Материалы Пленума были закрытыми. Однако известны тезисы одной из речей против Хрущева. Дмитрий Полянский представил убийственные обвинения. Текст его предполагаемого и несостоявшегося выступления был передан секретарю ЦК М.В. Суслову, единственному оратору на Пленуме. Текст Полянского содержал основные пункты обвинений, направленные против Хрущева{52}
.Когда в своем длинном скучном тексте он дошел до Кубы, то в качестве классического примера волюнтаризма Хрущева привел его ошибки в отношениях с Фиделем Кастро. «Спросите любого нашего маршала, генерала, и они скажут, что планы военного проникновения в Южную Америку — это бред, чреватый громадной опасностью войны». «В условиях стратегического отставания СССР от США, — продолжал Полянский, — ядерная игра Хрущева не могла дать никакого результата. Если бы ради помощи одной из латиноамериканских стран нанесли ядерный удар по США первыми, то мало того, что поставили бы под угрозу и себя; от нас тогда бы все отшатнулись»{53}
.Полянский был безжалостен к Хрущеву по поводу кубинской «авантюры». Он бичевал его за то, что тот «настоял», чтобы «на Кубу были поставлены ракеты». Это вызвало глубочайший кризис, привело мир на грань ядерной войны; это страшно перепугало и самого организатора столь опасной затеи{54}
. Отвергнув возражения Хрущева, что сам Советский Союз ушел с Кубы, Полянский говорил об унижении: «Не имея другого выхода, мы вынуждены были принять все требования и условия, подиктованные США, вплоть до позорного осмотра американцами наших кораблей.

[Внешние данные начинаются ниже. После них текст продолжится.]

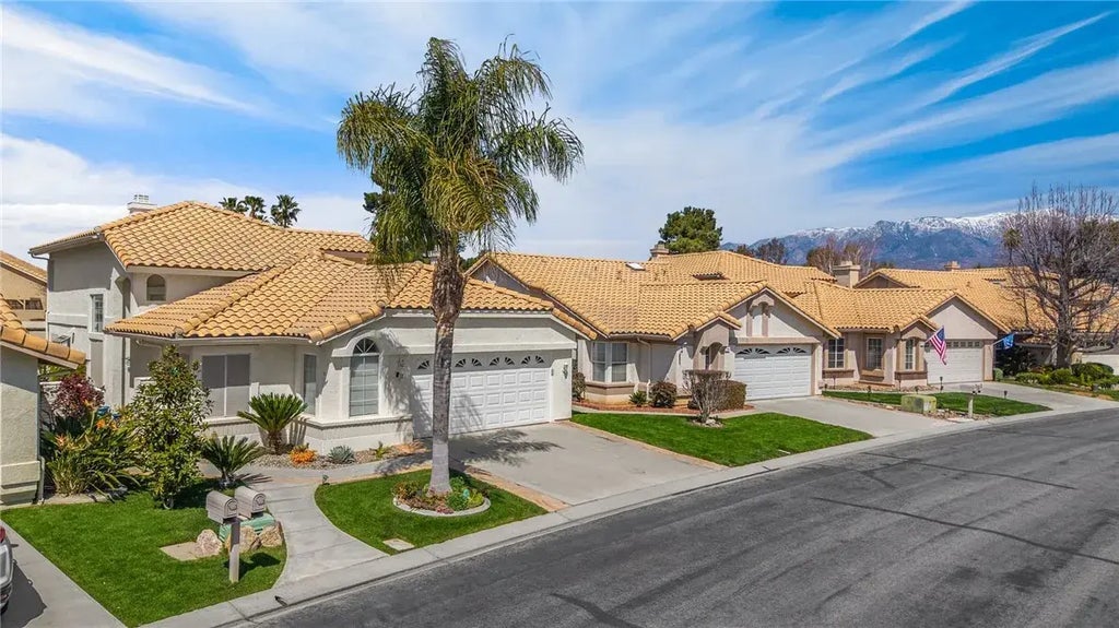 This beautiful home boasts as one of the largest in Sun Lakes Country Club estates. It presents with a large open floor plan giving it a welcoming and spacious look. Large well-placed windows provide welcome rays of sunlight that accentuate and give warmth to the inviting living spaces of the home. This wonderful home provides 3 bedrooms (using the loft office as a bedroom/office). It has 2 bathrooms, one being a large master bathroom which has a recently installed newer tub/shower. The master bedroom is large with a beautiful window door access to the backyard and includes a deep walk-in closet with plenty of room for clothes and a changing area. The luxurious kitchen provides a large usable island where the family can sit for breakfast at a beautiful granite-counter. The rest of the kitchen also shows with this same granite look, and is provided with stainless steel appliances, tall cabinets, roll-out shelves in the island, and a spectacular and cozy family room with a fireplace. This home also offers a formal dining room and living room with high ceilings for that open and spacious look and provides a magnificent view of the winding stair-case to the upper level of the home. The surroundings of the remodeled landscaping is quite serene. There is a calming fountain welcoming you to relax. A white vinyl picket fence and gate are added for privacy. You will feel peace and tranquility every time you come to your home. There is an aluma-wood patio cover as a welcoming highlight to this beautiful backyard. Included also are delicious fruit trees of orange, lemon, and nectarin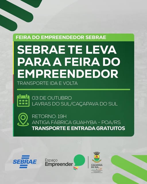 No dia 3 de outubro, os empreendedores de Caçapava do Sul terão a oportunidade de participar da Feira do Empreendedor Sebrae, em Porto Alegre. O evento será realizado na antiga Fábrica Guahyba.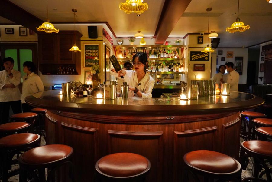 Bar Leone Shanghai’s first floor is dubbed Bar di Passo, an Italian “passing bar” that encourages quick conversation, to-the-point aperitivo drinks, and a community feel influenced by neighborhood haunts like the institution that is Milan’s Camparino.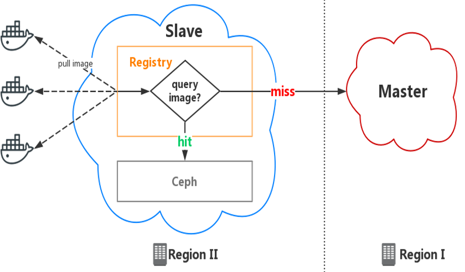 The customized part provides support for transparently redirecting requests to remote hubs/registrys (request origin) when local pull misses.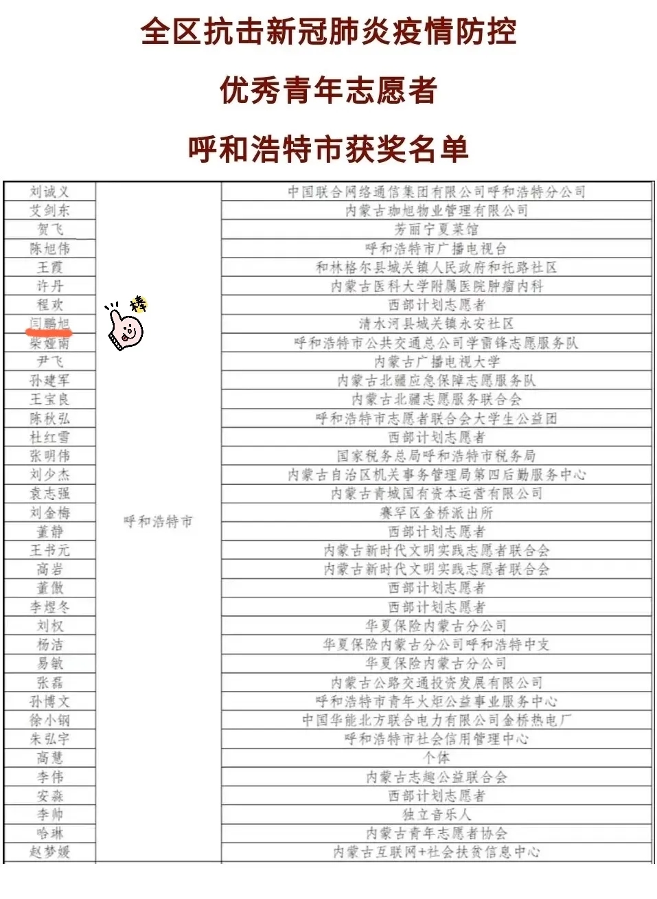 2020年的疫情,让全国上下措手不及,我们在疫情中看到了温暖,看到了光辉,看到了顽强,也看到了拼搏。大年初一,永利23411集团优秀校友闫鹏旭成为抗疫一线成百上千勇士中的一份子,带着作为选调生和党员的义务、带着地方对自己的需要,踏上了内蒙古自治区城关镇永安社区的抗疫征程。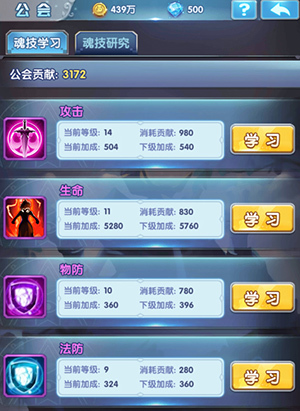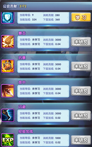 所有的研究都需要花费公会贡献点,而攻击到法防等4大基础属性的研究花费都是相对的少的,此外的属性花费都高的吓人!即便是初级的暴击,研究一次都需要3000贡献点。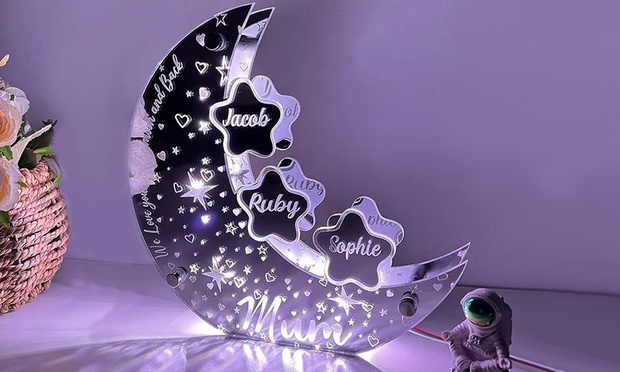 1x oder 2x LED-Mond-Nachtlicht mit Namen und personalisierbaren Text-Elementen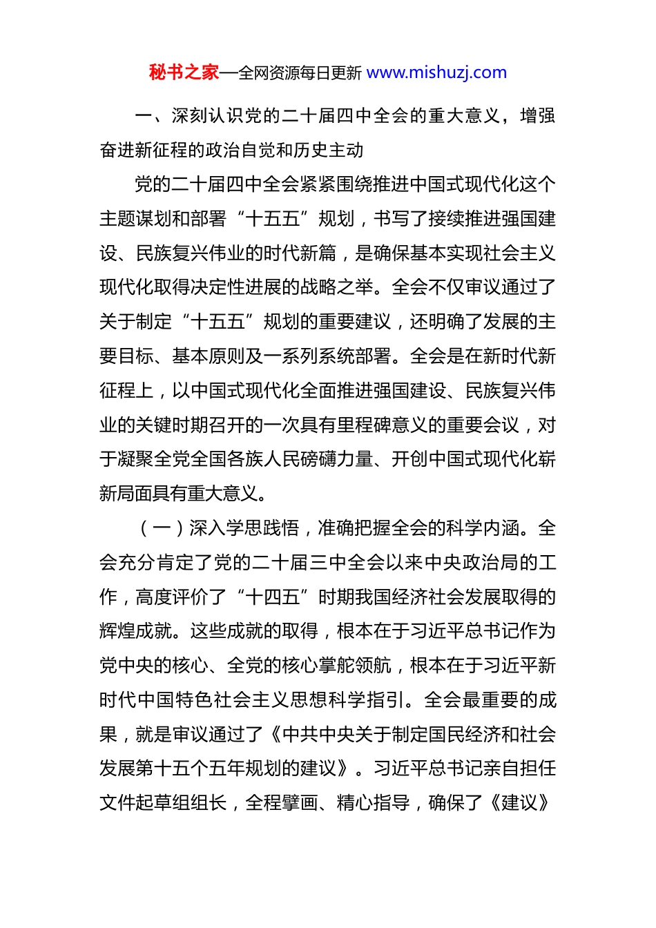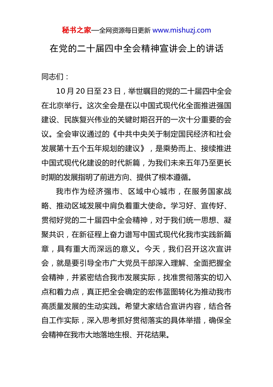 秘书之家—全网资源每日更新 www.mishuzj.com在党的二十届四中全会精神宣讲会上的讲话 同志们:10 月 20 日至 23 日,举世瞩目的党的二十届四中全会在北京举行。这次全会是在以中国式现代化全面推进强国建设、民族复兴伟业的关键时期召开的一次十分重要的会议。全会审议通过的《中共中央关于制定国民经济和社会发展第十五个五年规划的建议》,是乘势而上、接续推进中国式现代化建设的时代新篇,为我们未来五年乃至更长时期的发展指明了前进方向、提供了根本遵循。我市作为经济强市、区域中心城市,在服务国家战略、推动区域发展中肩负着重大使命。学习好、宣传好、贯彻好党的二十届四中全会精神,对于我们统一思想、凝聚共识,在新征程上奋力谱写中国式现代化我市实践新篇章,具有重大而深远的意义。今天,我们召开这次宣讲会,就是要引导全市广大党员干部深入理解、全面把握全会精神,并紧密结合我市发展实际,找准贯彻落实的切入点和着力点,真正把全会确定的宏伟蓝图转化为推动我市高质量发展的生动实践。希望大家结合宣讲内容,结合各自工作实际,深入思考抓好贯彻落实的具体举措,确保全会精神在我市大地落地生根、开花结果。秘书之家—全网资源每日更新 www.mishuzj.com一、深刻认识党的二十届四中全会的重大意义,增强奋进新征程的政治自觉和历史主动党的二十届四中全会紧紧围绕推进中国式现代化这个主题谋划和部署“十五五”规划,书写了接续推进强国建设、民族复兴伟业的时代新篇,是确保基本实现社会主义现代化取得决定性进展的战略之举。全会不仅审议通过了关于制定“十五五”规划的重要建议,还明确了发展的主要目标、基本原则及一系列系统部署。全会是在新时代新征程上,以中国式现代化全面推进强国建设、民族复兴伟业的关键时期召开的一次具有里程碑意义的重要会议,对于凝聚全党全国各族人民磅礴力量、开创中国式现代化崭新局面具有重大意义。(一)深入学思践悟,准确把握全会的科学内涵。全会充分肯定了党的二十届三中全会以来中央政治局的工作,高度评价了“十四五”时期我国经济社会发展取得的辉煌成就。这些成就的取得,根本在于习近平总书记作为党中央的核心、全党的核心掌舵领航,根本在于习近平新时代中国特色社会主义思想科学指引。全会最重要的成果,就是审议通过了《中共中央关于制定国民经济和社会发展第十五个五年规划的建议》。习近平总书记亲自担任文件起草组组长,全程擘画、精心指导,确保了《建议》秘书之家—全网资源每日更新 www.mishuzj.com的起草过程充分发扬民主、集思广益,集中了党内外智慧,凝聚了最广泛的发展共识。《建议》提出的一系列新思想、新观点、新部署,特别是关于“必须把因地制宜发展新质生产力摆在更加突出的战略位置”、“坚持以人民为中心的发展思想”、“统筹发展和安全”等重要论述,为我市在新发展阶段推动高质量发展、建设新时代社会主义现代化经济强市提供了行动指南。当前,我市正处于新旧动能转换的攻坚期、城市能级提升的关键期、高质量发展的机遇期。全会精神为我们破解发展难题、激发发展活力、厚植发展优势指明了路径。我们必须深刻认识到,贯彻落实全会精神,是我市践行“两个维护”、服务国家战略的必然要求,是推动经济强市高质量发展、提升城市综合竞争力的迫切需要,也是不断满足人民群众对美好生活向往的根本途径。(二)坚持历史主动,在新征程上续写“两大奇迹”新篇章。科学制定和接续实施五年规划,是我们党治国理政的重要经验和显著优势。全会深刻洞察世界之变、时代之变、历史之变,强调必须把发展新质生产力摆在更加突出的战略位置,这对于我市这样一座正致力于打造科创我市、智造我市的城市而言,既是重大机遇,也是重大责任。我市拥有国家新一代人工智能创新发展试验区、国家秘书之家—全网资源每日更新 www.mishuzj.com量子科技研发中心等重大创新平台,在量子科技、人工智能、生物医药、空天信息等领域具备一定的先发优势。我们要深刻领会全会精神,将发展新质生产力作为推动高质量发展的首要任务和关键抓手,充分发挥科教资源富集、产业基础雄厚的优势,在科技创新引领、现代化产...

Ракеты, а также большая часть войск по требованию США были выведены». Кто выиграл? По мнению Полянского, вопрос заключался не в этом. «Эта история… нанесла ущерб международному престижу нашего государства, нашей партии, вооруженным силам и в то же время помогла поднять авторитет США»{55}.Полянский считал, что Латинская Америка в целом и Куба в частности отвлекли Хрущева от основных проблем безопасности Советского Союза. Хрущев устремился в Латинскую Америку с целью, как говорили его противники, добиться успеха и влияния там, где этого не решался делать даже Сталин. И когда на политической сцене появился Кастро, Хрущев стал наиболее рьяным сторонником Кубы. Он подталкивал к заключению договора о взаимопомощи с Гаваной и хотел обеспечить военное присутствие СССР на острове. Хрущев не считался с мнениями своих соратников по Президиуму. По словам Полянского, он не обращал на них внимания. «Будут кричать, что это авантюра. Ну и черт с ними, пусть кричат», — якобы говорил Хрущев. В своем безудержном стремлении помочь националистическим движениям в третьем мире, добавлял Полянский, Хрущев пренебрег национальными интересами Советского Союза Ленин, напомнил он Хрущеву, говорил, что «мы обязаны проявлять самые устойчивые и мирные настроения, ибо империалисты могут использовать всякую возможность возобновления войны». Полянский предлагал поменять приоритет советской политики. По его мнению, США «главный враг России и в качестве такого должен быть в фокусе ее внешней политики». Завершая свою атаку на внешнеполитический курс Хрущева, он преуменьшил усилия по достижению закрепленных договоренностей с Вашингтоном, которые якобы нисколько не ликвидировали разногласия по основным проблемам и несхожесть интересов{56}
.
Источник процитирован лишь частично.